Digital filtering; knock; engine management; ignition system; I/O processor; main processing unit

EU project number: EP 20.386

EU-programme: 4. Frame Research Programme - 1.3 Telematic systems

See abstract

Centre de recherche Fiat (I); Massana (IRL), Universite de Technologie de Darmstadt (D);
Etnoteam (I)

Today all European built vehicles are equipped with an electronic engine management system. Due to a world-wide tendency for lower environmental emissions enforced by several international regulations, it will be necessary to decrease automotive emissions by reducing HC, CO and Nox levels. Moreover car manufacturer aim to decrease the average fuel consumption. Therefore the combustion efficiency has to be improved to meet the new constraints. A feasible solution is to increase the engine compression ratio. But as a consequence the engine knock is increased as well. Therefore to conquer that situation the engine has to operate just in the proximity of the knock state by means of an adapted spark timing.
Thus the ability to detect engine knock with high precision, allowing ignition timing to be advanced right until before knock occurs, will be mandatory for car makers. We can conclude that the next generation of engine management units will be equipped with the knock detection circuitry containing advanced detection and control algorithms.
Therefore within the Esprit project FILU, the FIAT research center (CRF) and the technical university of Darmstadt (TUD) developed two advanced detection algorithms dedicated for on-chip programmable co-processor, called filter processor, for embedded controllers in automotive applications. This filter processor performs numerical calculation independently to the main CPU.
After the development of the knock detection algorithms (CRF and TUD), the need for an architectural solution onto which the algorithms could be efficiently mapped has become obvious. The wide range of Motorola products allows a variety of such architectures to be designed, meeting different cost-performances trade-off criteria.
Our goal was to explore different architectural solutions, mainly those ones in line with trends in the Powertrain organization, and to highlight pros and cons of each of them.
From the starting point it was clear that our architecture would consist of a Main Processing Unit (MPU) and some peripherals.
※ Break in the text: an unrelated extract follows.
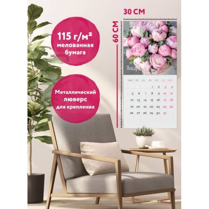 Белые, красные, розовые — великолепные пионы в одном календаре. Каждый месяц представлен оригинальным букетом в соответствии с цветовой гаммой сезона.
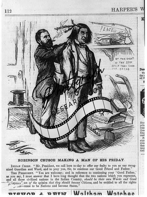 Harper's Weekly,attempts to civilize American Indian,Robinson Crusoe,1870,Grant

What had to be found out was whether the application would require an I/O Processing Unit (IOP) and if yes, what kind of IOP.
We developed a library of behavioral models of the peripherals needed and at first designed a component independent architecture onto which we mapped the knock detection algorithms. This exercise has proven very useful in proving the overall knock detection concept.
In a second stage, we mapped the Software tasks onto cycle accurate simulators of the devices whose performances we wanted to evaluate.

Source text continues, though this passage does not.